**Activity:** From the data below, return only the lines from the one with "Feel safe and" through the one with "Crew neck linen", exact and inclusive, with pictures left out.

**Data under study:**

# # # #

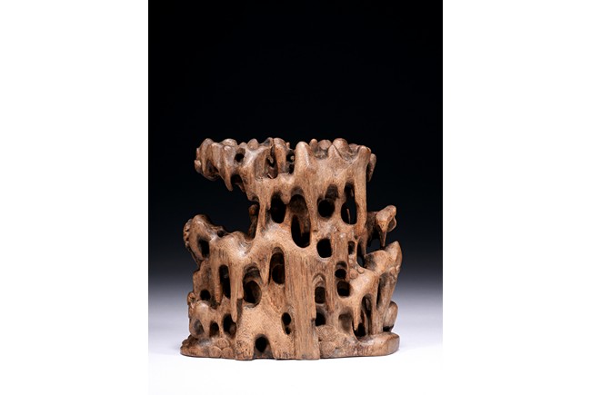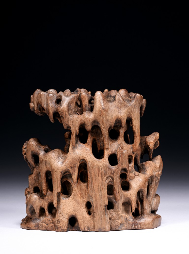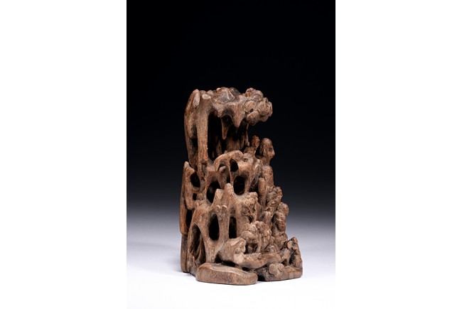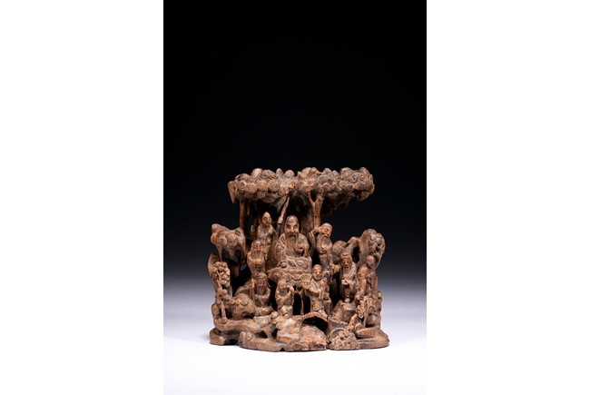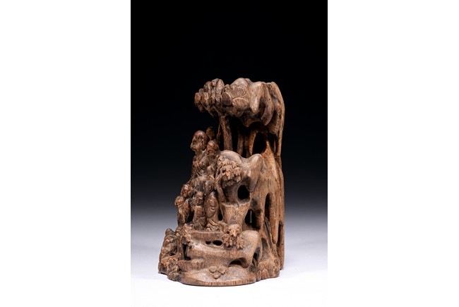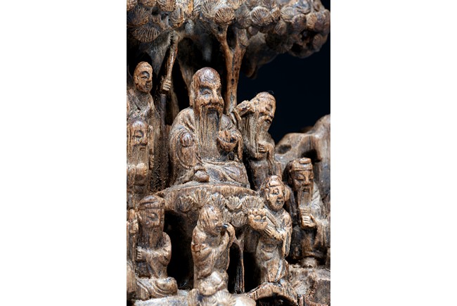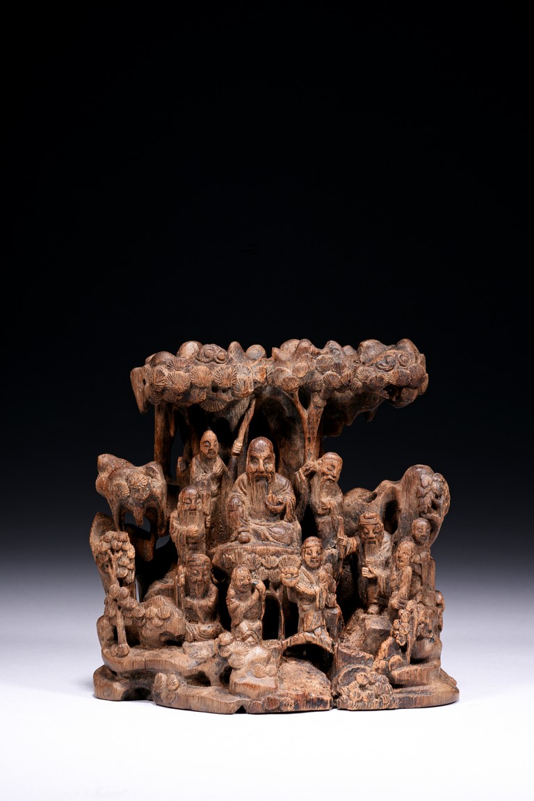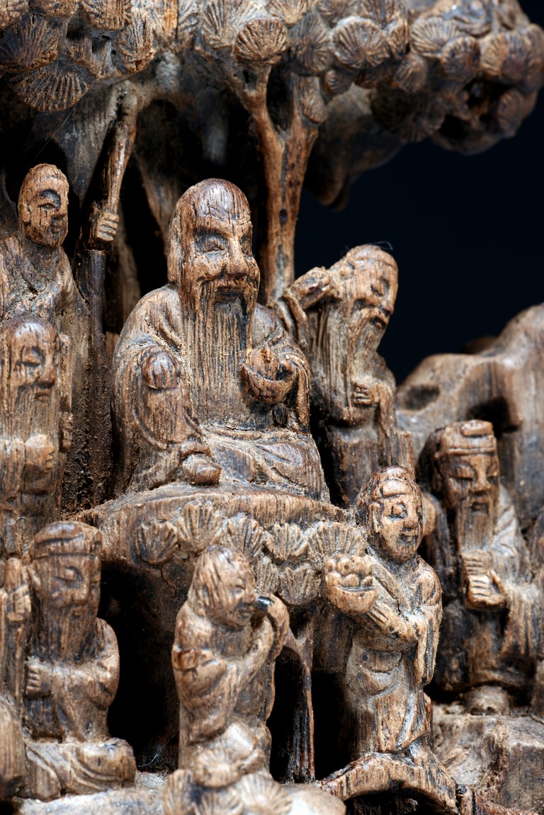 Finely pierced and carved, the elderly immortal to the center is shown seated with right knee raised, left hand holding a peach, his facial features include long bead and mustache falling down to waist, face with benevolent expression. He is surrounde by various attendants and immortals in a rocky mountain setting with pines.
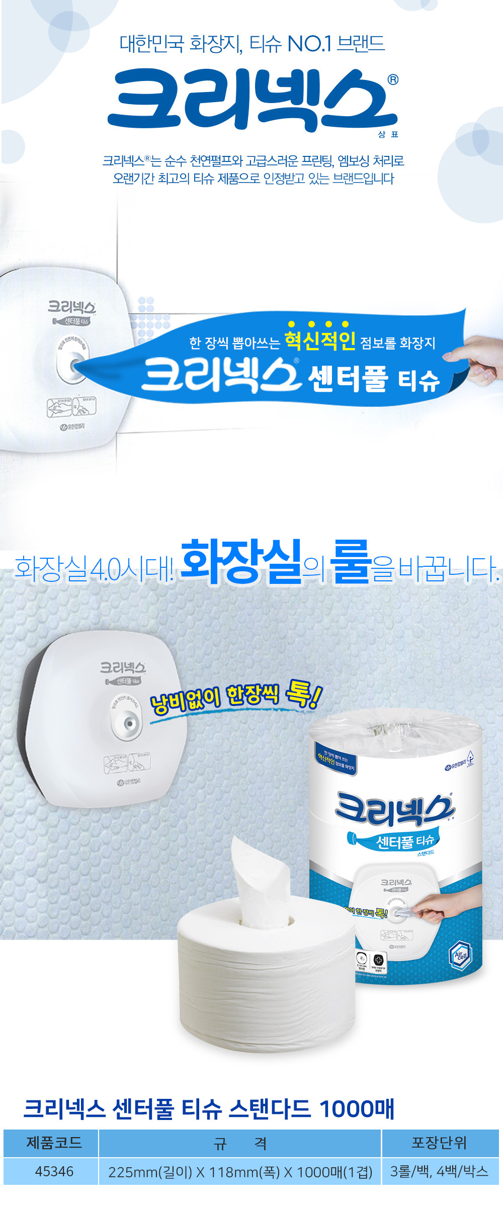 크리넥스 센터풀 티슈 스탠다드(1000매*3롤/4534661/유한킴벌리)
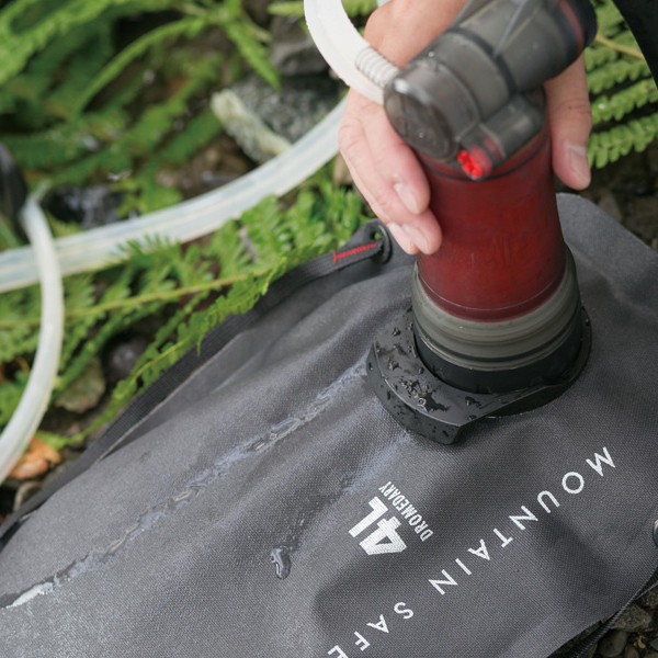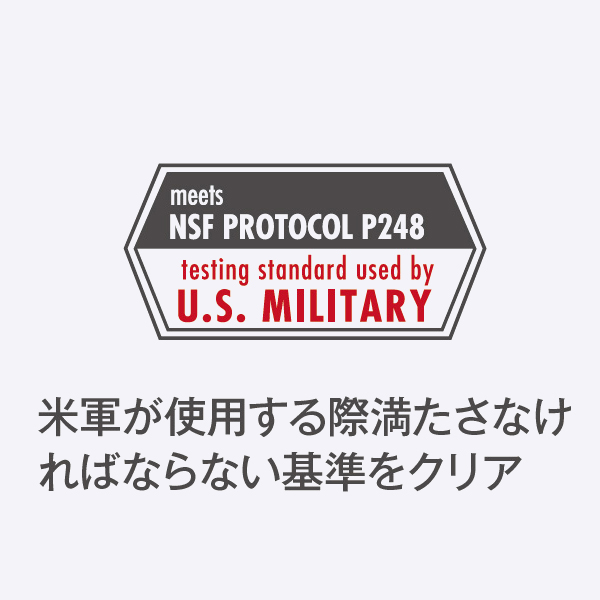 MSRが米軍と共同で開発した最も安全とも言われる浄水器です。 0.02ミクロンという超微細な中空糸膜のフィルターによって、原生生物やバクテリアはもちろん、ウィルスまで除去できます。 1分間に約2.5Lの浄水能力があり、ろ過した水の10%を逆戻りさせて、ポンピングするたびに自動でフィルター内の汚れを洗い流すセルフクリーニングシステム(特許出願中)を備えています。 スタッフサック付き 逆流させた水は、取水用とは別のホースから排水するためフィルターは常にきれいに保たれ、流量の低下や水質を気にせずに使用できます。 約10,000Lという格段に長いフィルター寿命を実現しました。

# # # #

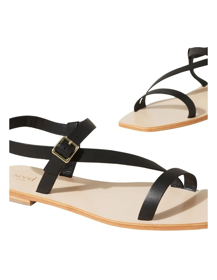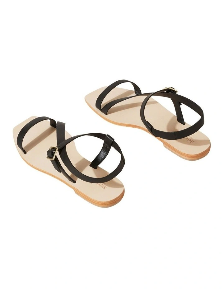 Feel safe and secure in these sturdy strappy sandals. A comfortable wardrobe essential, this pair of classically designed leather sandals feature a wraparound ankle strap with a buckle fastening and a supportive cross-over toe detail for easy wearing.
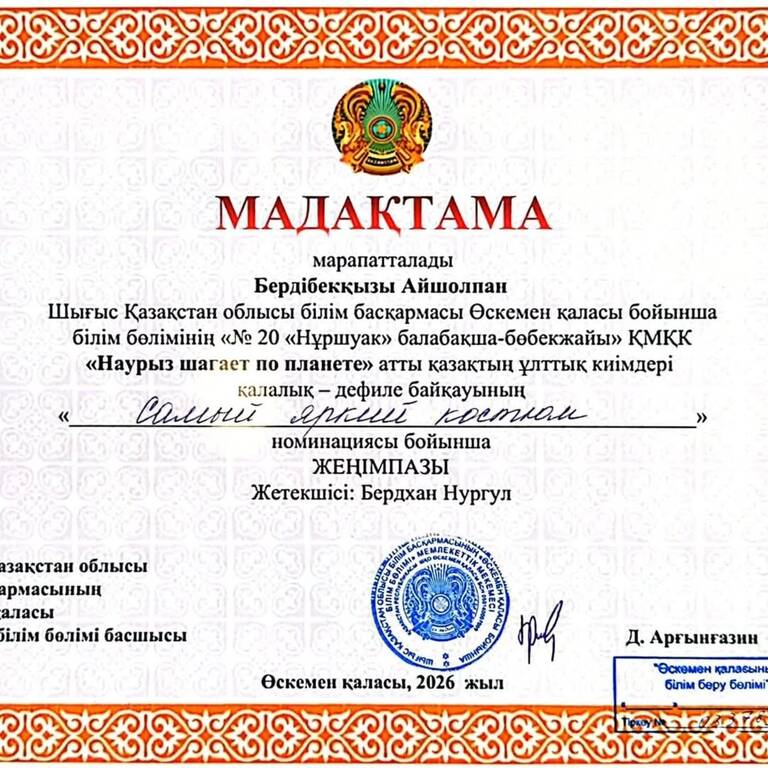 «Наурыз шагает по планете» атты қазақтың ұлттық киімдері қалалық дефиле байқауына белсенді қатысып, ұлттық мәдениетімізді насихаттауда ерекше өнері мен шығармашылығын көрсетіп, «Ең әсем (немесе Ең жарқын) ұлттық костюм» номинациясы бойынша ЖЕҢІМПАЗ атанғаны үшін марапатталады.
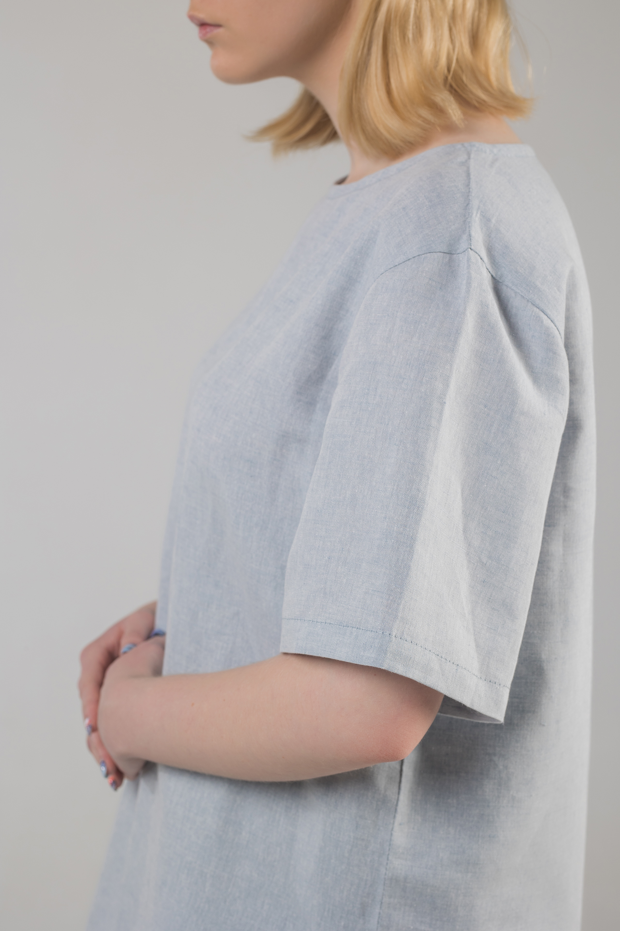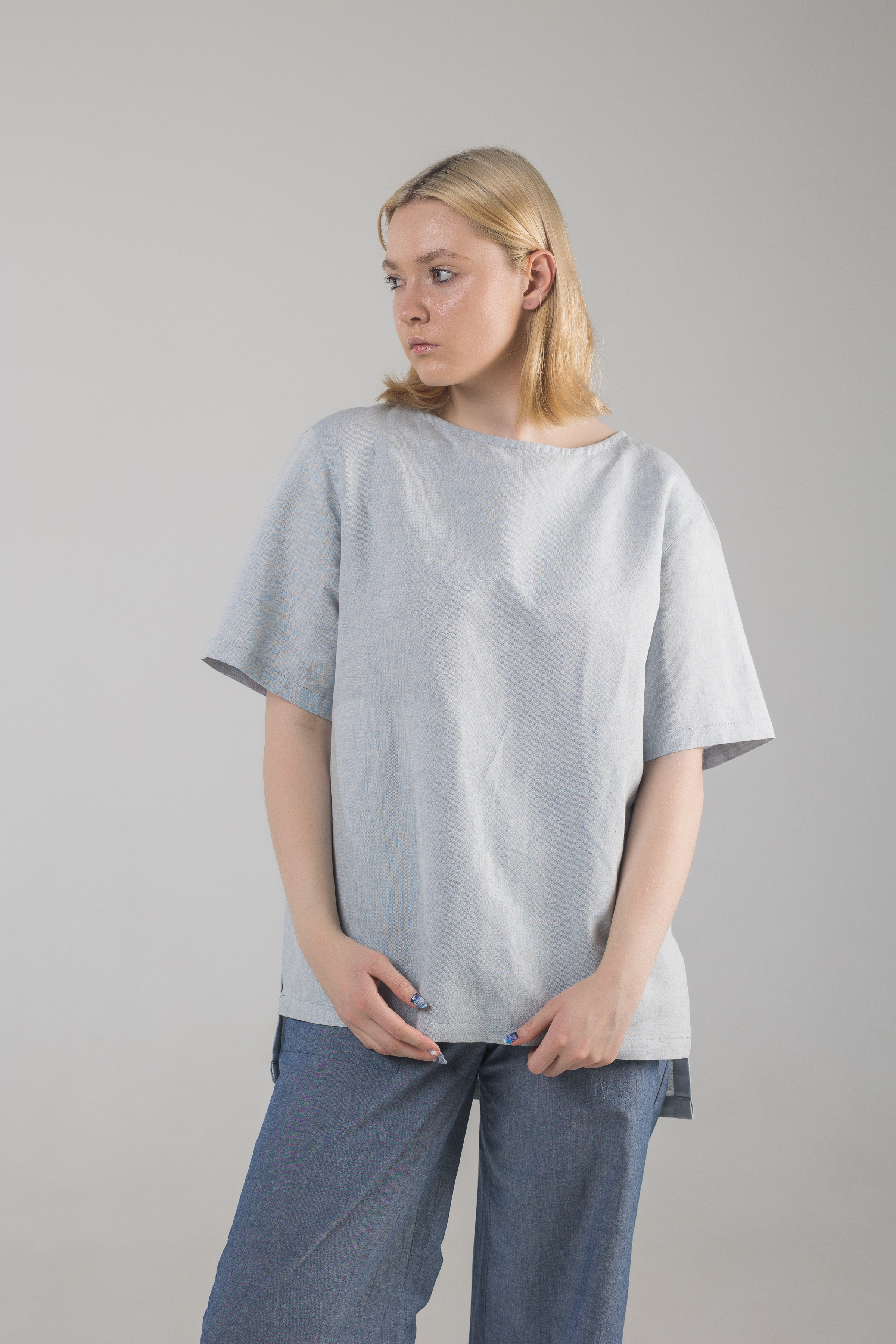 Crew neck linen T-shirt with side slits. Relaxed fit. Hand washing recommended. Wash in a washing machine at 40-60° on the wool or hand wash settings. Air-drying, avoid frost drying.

# # # #

**Result for this task:**
 Feel safe and secure in these sturdy strappy sandals. A comfortable wardrobe essential, this pair of classically designed leather sandals feature a wraparound ankle strap with a buckle fastening and a supportive cross-over toe detail for easy wearing.
 «Наурыз шагает по планете» атты қазақтың ұлттық киімдері қалалық дефиле байқауына белсенді қатысып, ұлттық мәдениетімізді насихаттауда ерекше өнері мен шығармашылығын көрсетіп, «Ең әсем (немесе Ең жарқын) ұлттық костюм» номинациясы бойынша ЖЕҢІМПАЗ атанғаны үшін марапатталады.
 Crew neck linen T-shirt with side slits. Relaxed fit. Hand washing recommended. Wash in a washing machine at 40-60° on the wool or hand wash settings. Air-drying, avoid frost drying.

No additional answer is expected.